Finally, we document a strong positive relationship between flower treatment level and zooplankton species richness. Although we hypothesized that flower treatment level would influence lower trophic levels in the aquatic environment, we did not predict a priori that this effect would manifest itself as elevated zooplankton richness in high-flower wetlands, with no overall effect on zooplankton abundance. Although a bottom-up effect of increased inputs of pollen or detritus from purple loosestrife is one possible explanation for this result, we consider it to be unlikely for three reasons. First, purple loosestrife is primarily insect, not wind, pollinated. Second, the loosestrife plants were housed in separate aquatic mesocosms and could therefore not deposit detritus in the central mesocosms that were the focus of our aquatic sampling. Third, rarefied zooplankton richness also increased with loosestrife flower treatment, which suggests that differences in richness among the treatments were not driven by differences in abundance; this contrasts with a bottom-up (more individuals) effect on zooplankton.

A second, and more likely, explanation is that higher zooplankton richness in high-flower treatment ponds was mediated by higher densities of dragonfly larvae, possibly via a keystone effect of predation by dragonfly larvae. We have evidence of large shifts in abundance patterns of zooplankton taxonomic categories (Table 1), which in combination with the positive relationship between flower treatment and zooplankton richness, is consistent with a keystone effect. We also found evidence of a shift in zooplankton community composition associated with flower treatment level, such that similar flower treatments (and similar abundance of larval dragonflies) resulted in more similar zooplankton communities (Mantel’s test and ESM Fig. 1). This general pattern suggests that in this experiment, predation by dragonfly larvae was selective and altered the structure of the zooplankton communities, potentially toward more similar, species-rich communities. This result is further supported by evidence that this change in aquatic community structure was primarily driven by a reduction in the abundance of rotifers. Although significant effects of dragonfly predation on zooplankton assemblages have been documented relatively rarely and are variable among studies (e.g., Hampton and Gilbert 2001; Burks et al. 2001; Magnusson and Williams 2009), dragonfly larvae are known to prey on rotifers to varying degrees (Hampton and Gilbert 2001; Walsh et al. 2006). This effect may have been particularly strong in our study, in which a large proportion of dragonfly larvae were of small size.

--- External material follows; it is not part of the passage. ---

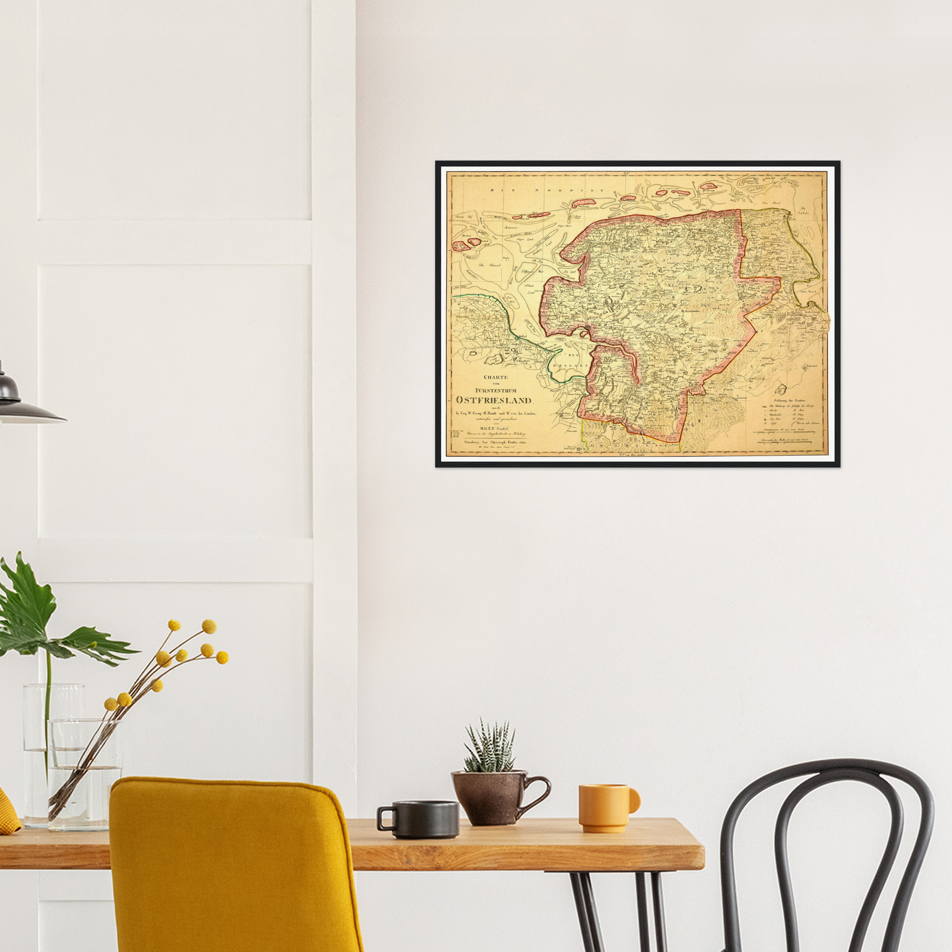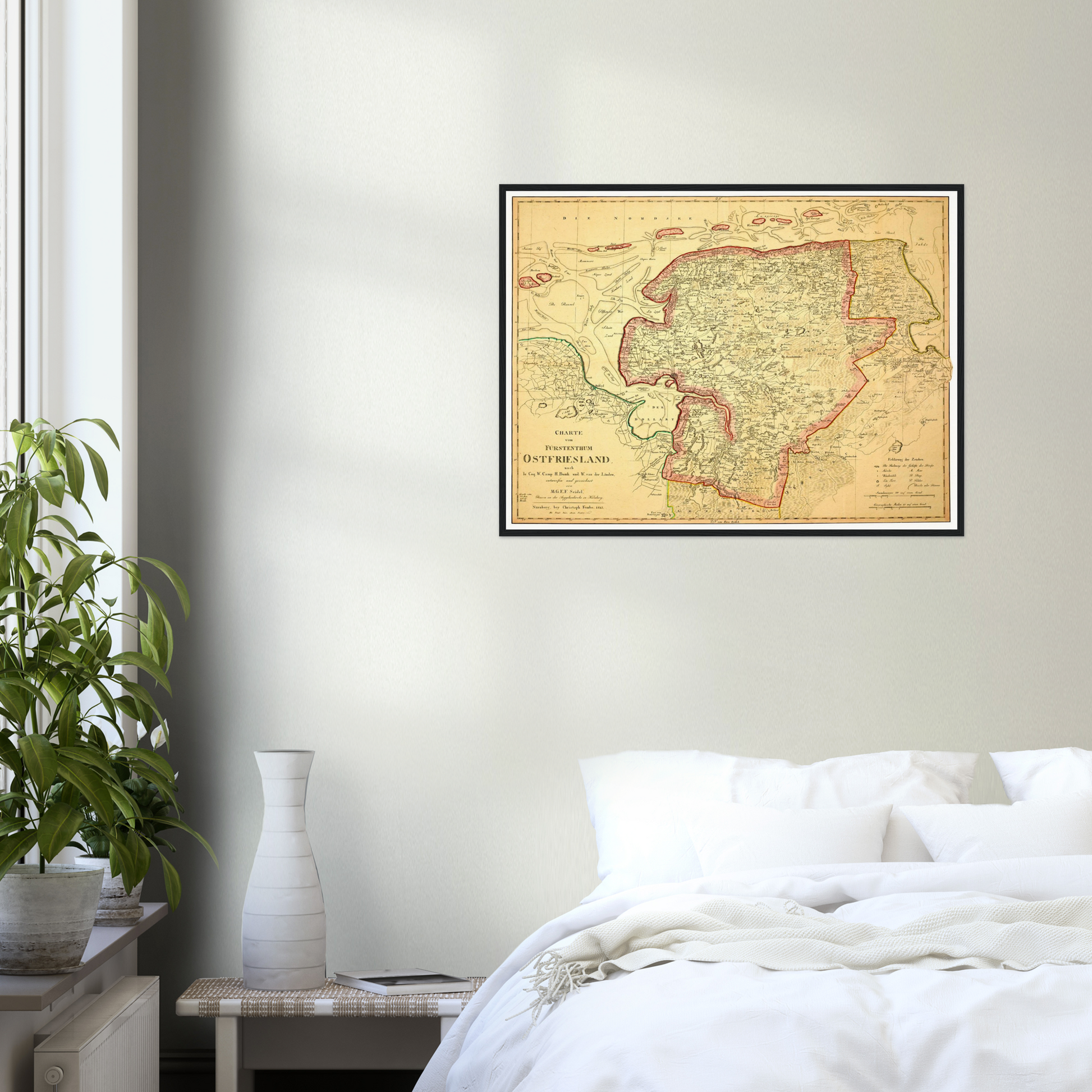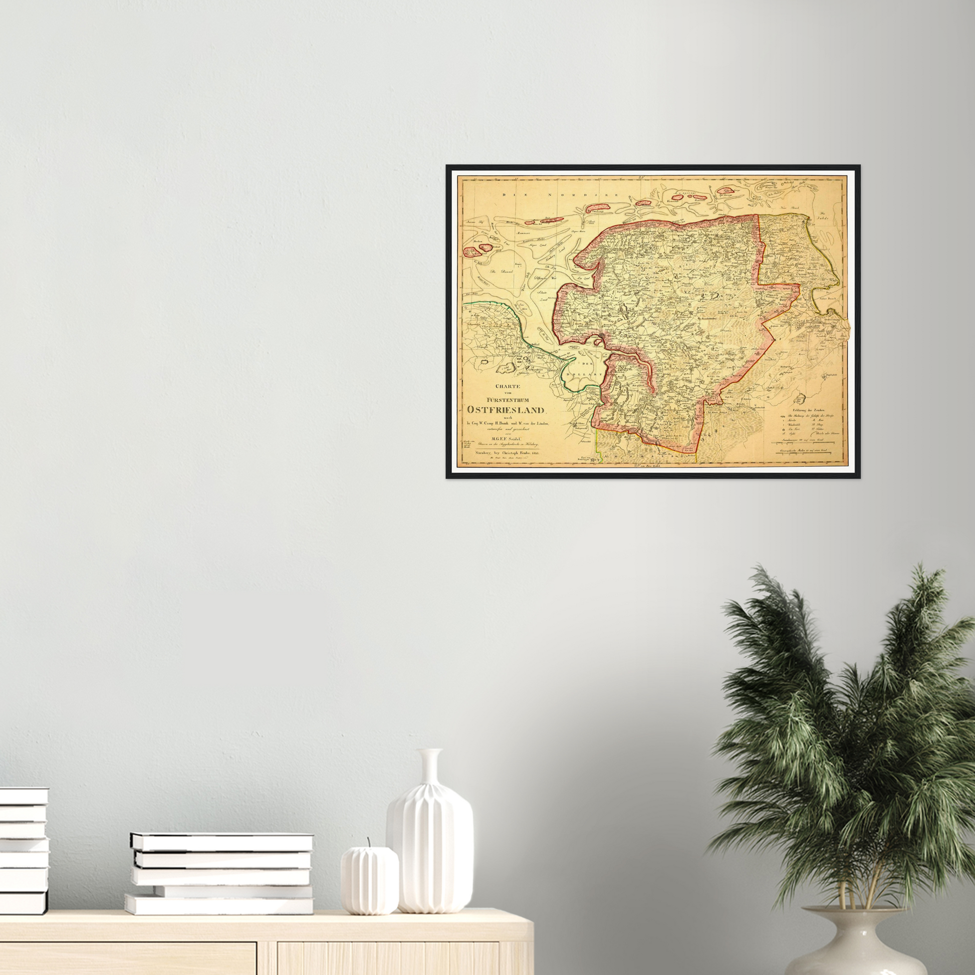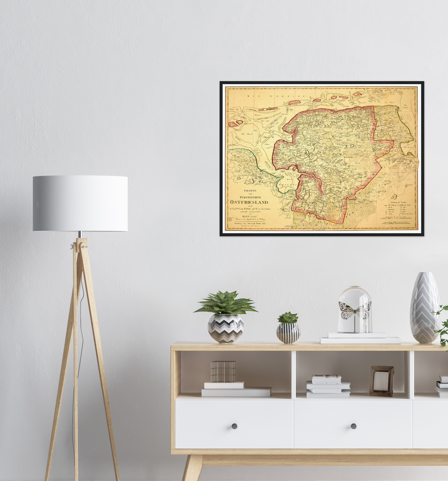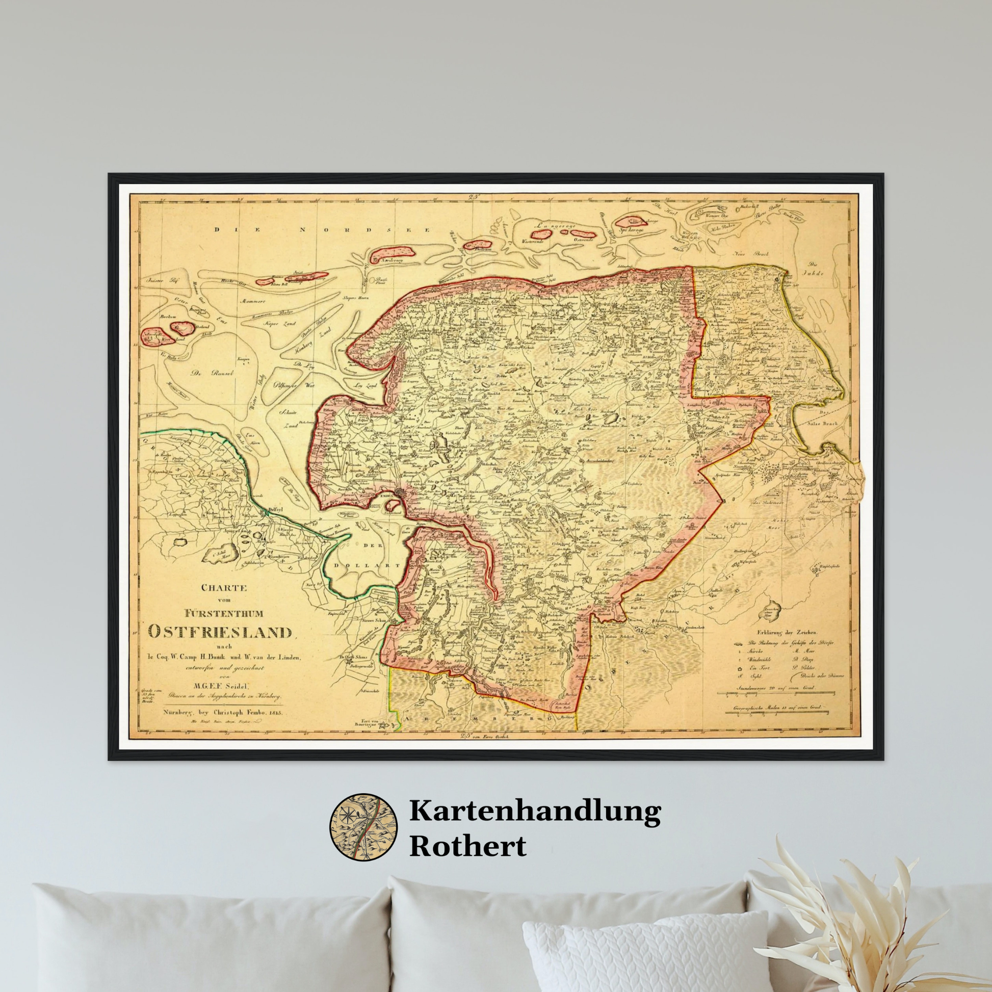 Unsere Nachdrucke entstehen in Archivqualität auf feinstem, mattem Papier (250 g/m²), das jedem Raum eine eindrucksvolle Note verleiht. Die hochauflösende Digitalisierung und farbgetreue Rekonstruktion garantieren, dass du ein Stück Geschichte in unvergleichlicher Schärfe und Brillanz erlebst. Jeder Druck wird auf Bestellung in Deutschland gefertigt und ist in 3 erlesenen Größen erhältlich: 40x30 - 80x60 cm. Zum Schutz wird jede Karte in einer stabilen Verpackung versandt. Optional kannst du zwischen natürlichen, dunkelbraunen oder schwarzen Holzrahmen sowie einem eleganten schwarzen Metallrahmen wählen, der mit bruchsicherem Plexiglas ausgestattet ist.

Other mechanisms may also contribute to the positive relationship between floral treatment and zooplankton richness, including increased zooplankton colonization opportunities associated with increased dragonfly oviposition events (Havel and Shurin 2004). Intraguild predation, seen as the suppression of other macroinvertebrate predators by high densities of dragonfly larvae, is also a possible mechanism. However, we did not detect any associations between flower treatments and the abundance or richness of non-odonate macroinvertebrate predators in this study. Finally, we cannot rule out other indirect effects of larval odonate abundance on zooplankton richness. The majority of the dragonfly larvae present in our experimental ponds were small in size, supporting effects on zooplankton and not other taxa.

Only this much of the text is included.